RECORDS SHOWN =>
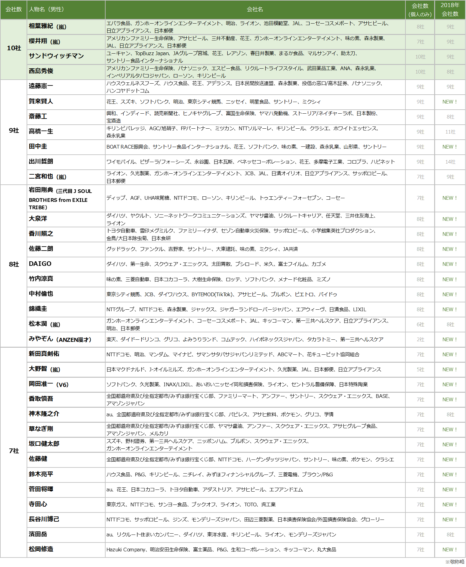 男性トップは、相葉雅紀さん、櫻井翔さん、サンドウィッチマンさん、西島秀俊さん(10社)
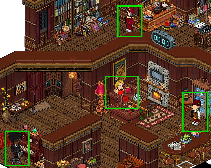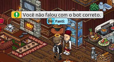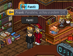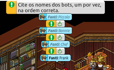 4° PASSO: Quatro bots estão espalhados pelo quarto. Seu objetivo será acertar a sequência correta, e para isso, você deverá ir até cada um deles e dizer algo - mesmo que seja um balão em branco. Cada bot dirá se você está indo na ordem certa ou não.
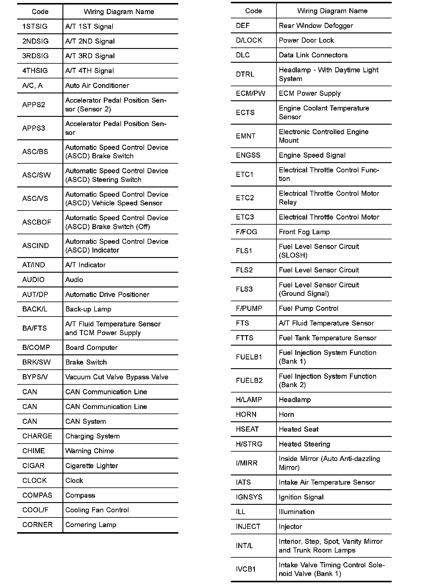 Wiring Diagram Codes/Abbreviations Part 1:
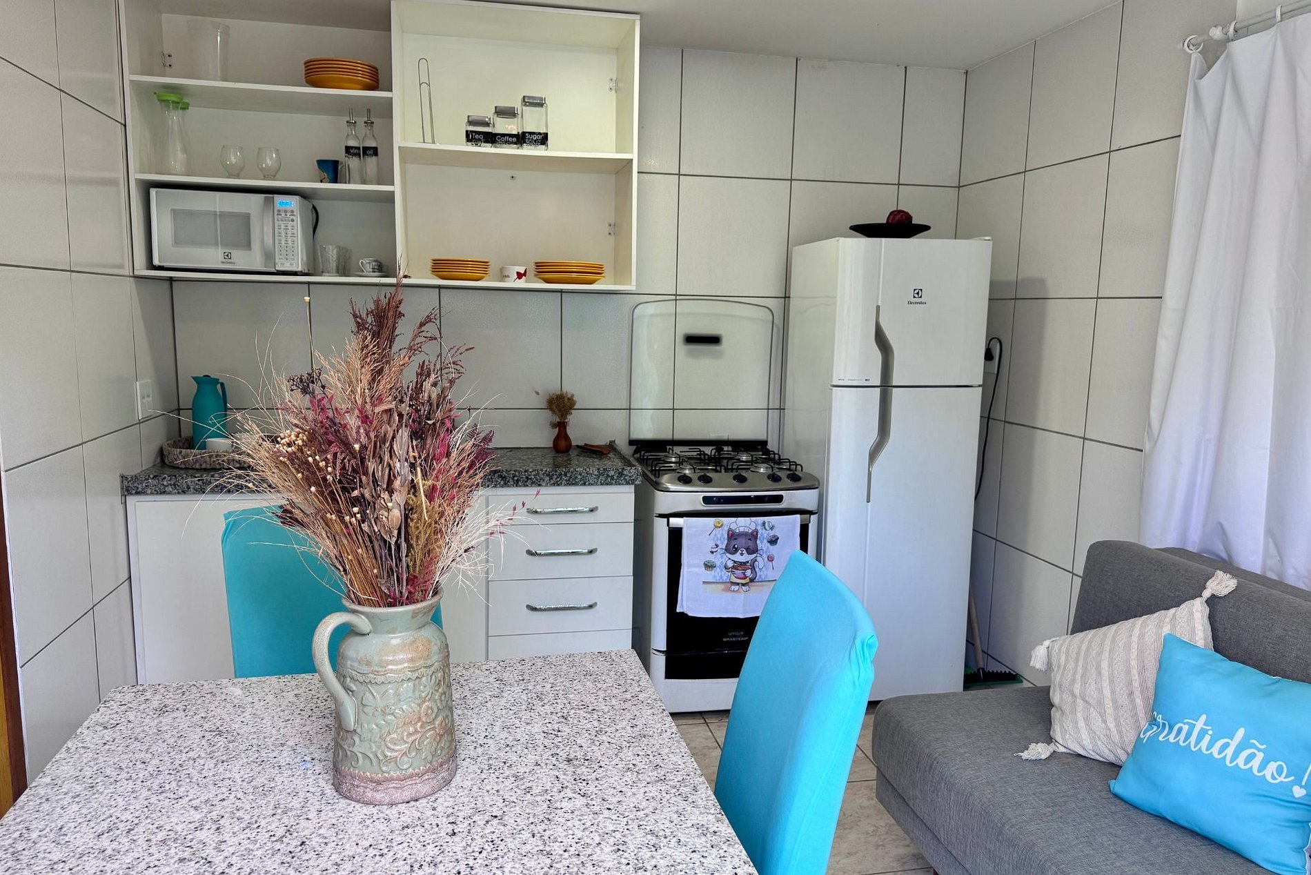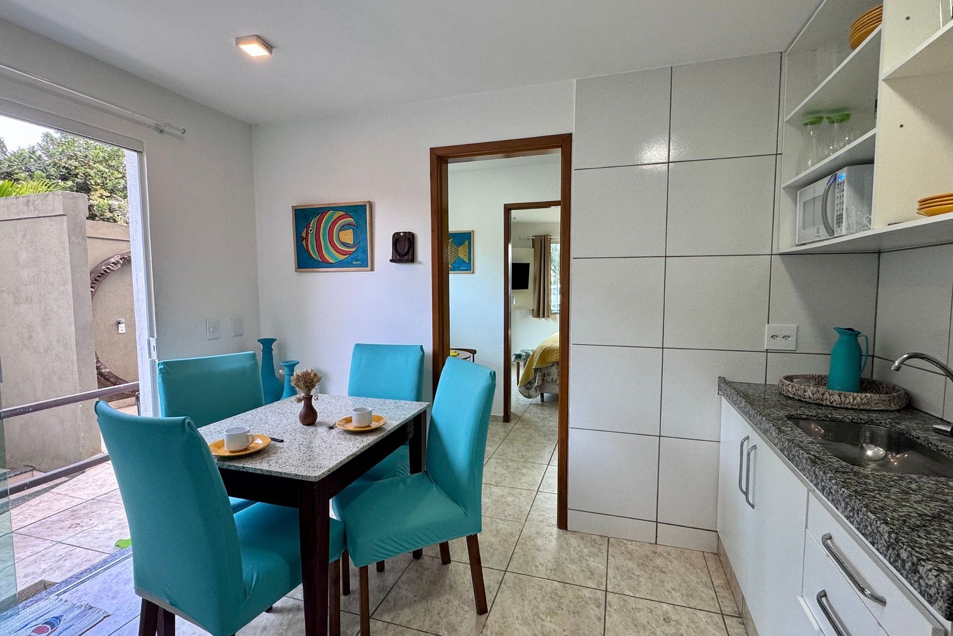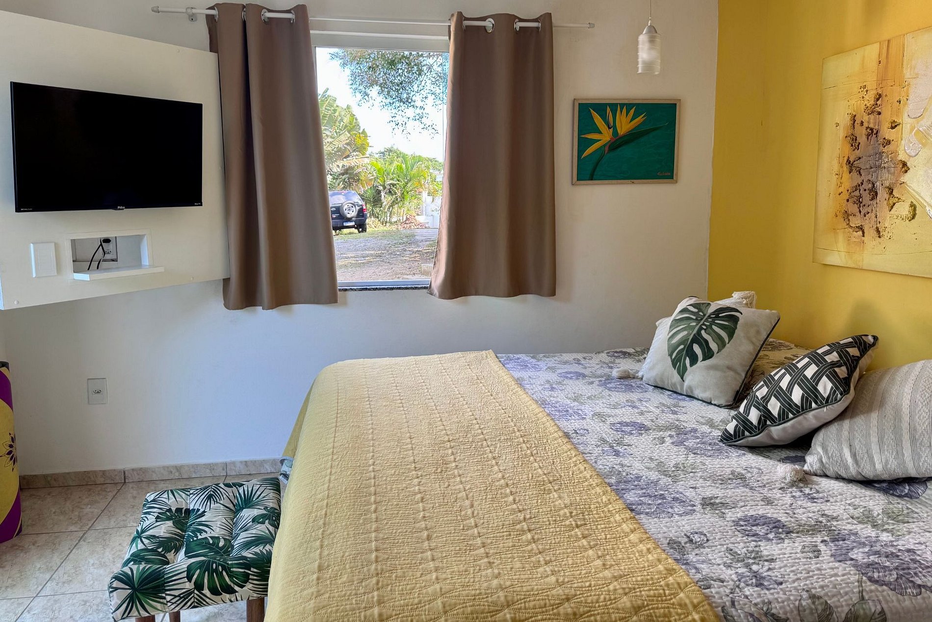 Apartamento aconchegante com quarto equipado com cama king-size, TV e guarda-roupas. Dispõe de banheiro, cozinha completa, sofá-cama e uma charmosa salinha que conecta e ao mesmo tempo separa os dois ambientes, garantindo conforto e privacidade.
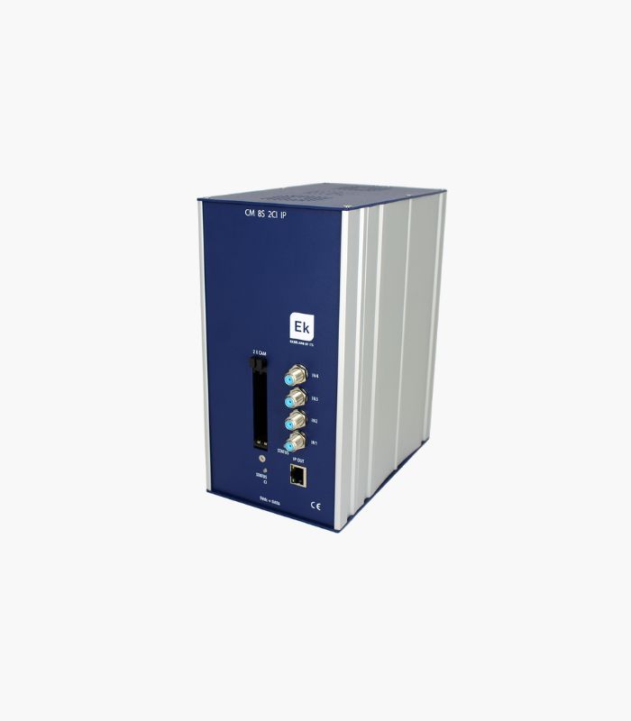 CM 8S 2CI-IP= Transmodulador octo 4 entradas – 8 sintonizadores DVB S/ S2/S2X , con doble lector Common Interface (2 x CI). 13/18V, 22KHz, DiSEqC, Unicable (SATCR-DCSS). Multistream / BISS compatible. Hasta 64 SPTS/MPTS STREAMS IP de salida. Programación desde PC conectado a la fuente de alimentación. Control remoto integrado desde la fuente de alimentación FA 524 Key
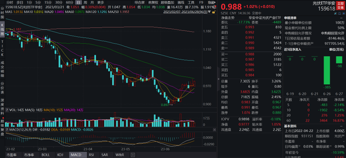 截至14:36分,光伏ETF华安(159618)午后开盘持续上涨已达1.02%。
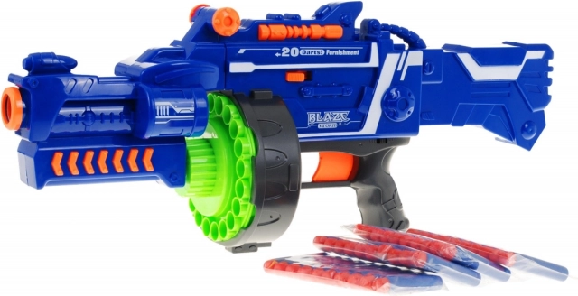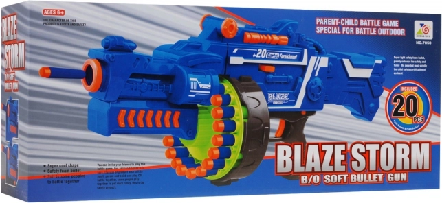Polautomatický blaster BLAZE STORM prináša dynamickú, ale bezpečnú zábavu pre malých aj veľkých. Elektrický kompresor poháňaný 5 batériami AA zvládne až 3 šípky za sekundu, bubnový zásobník pojme 20 šípok a dosahuje približne 10 metrov. Vďaka poistke spúšte ON/OFF a ochrane proti zaseknutiu je hranie plynulé a bez starostí. Dve stabilizačné valčeky v hlavni pomáhajú k presnejším výstrelom a sklopná pažba uľahčuje nabíjanie aj manipuláciu.
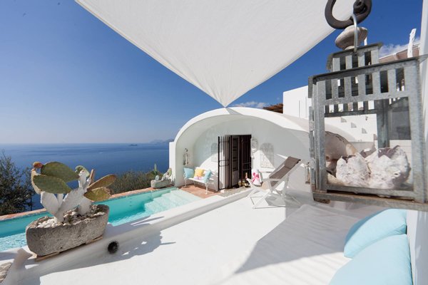 Villa Oleandro is a luxurious home situated between lemon and olive trees, immersed in typical Mediterranean scrub, with spectacular views over the sky and the sea, overlooking the lovely village of Praiano, Capri Island, Faraglioni, the Peninsula Sorrent

PROBLEM STATEMENT => The listing above should be transcribed word for word, with its pictures left out.

EXERCISE RESULT =>
 男性トップは、相葉雅紀さん、櫻井翔さん、サンドウィッチマンさん、西島秀俊さん(10社)
 4° PASSO: Quatro bots estão espalhados pelo quarto. Seu objetivo será acertar a sequência correta, e para isso, você deverá ir até cada um deles e dizer algo - mesmo que seja um balão em branco. Cada bot dirá se você está indo na ordem certa ou não.
 Wiring Diagram Codes/Abbreviations Part 1:
 Apartamento aconchegante com quarto equipado com cama king-size, TV e guarda-roupas. Dispõe de banheiro, cozinha completa, sofá-cama e uma charmosa salinha que conecta e ao mesmo tempo separa os dois ambientes, garantindo conforto e privacidade.
 CM 8S 2CI-IP= Transmodulador octo 4 entradas – 8 sintonizadores DVB S/ S2/S2X , con doble lector Common Interface (2 x CI). 13/18V, 22KHz, DiSEqC, Unicable (SATCR-DCSS). Multistream / BISS compatible. Hasta 64 SPTS/MPTS STREAMS IP de salida. Programación desde PC conectado a la fuente de alimentación. Control remoto integrado desde la fuente de alimentación FA 524 Key
 截至14:36分,光伏ETF华安(159618)午后开盘持续上涨已达1.02%。
Polautomatický blaster BLAZE STORM prináša dynamickú, ale bezpečnú zábavu pre malých aj veľkých. Elektrický kompresor poháňaný 5 batériami AA zvládne až 3 šípky za sekundu, bubnový zásobník pojme 20 šípok a dosahuje približne 10 metrov. Vďaka poistke spúšte ON/OFF a ochrane proti zaseknutiu je hranie plynulé a bez starostí. Dve stabilizačné valčeky v hlavni pomáhajú k presnejším výstrelom a sklopná pažba uľahčuje nabíjanie aj manipuláciu.
 Villa Oleandro is a luxurious home situated between lemon and olive trees, immersed in typical Mediterranean scrub, with spectacular views over the sky and the sea, overlooking the lovely village of Praiano, Capri Island, Faraglioni, the Peninsula Sorrent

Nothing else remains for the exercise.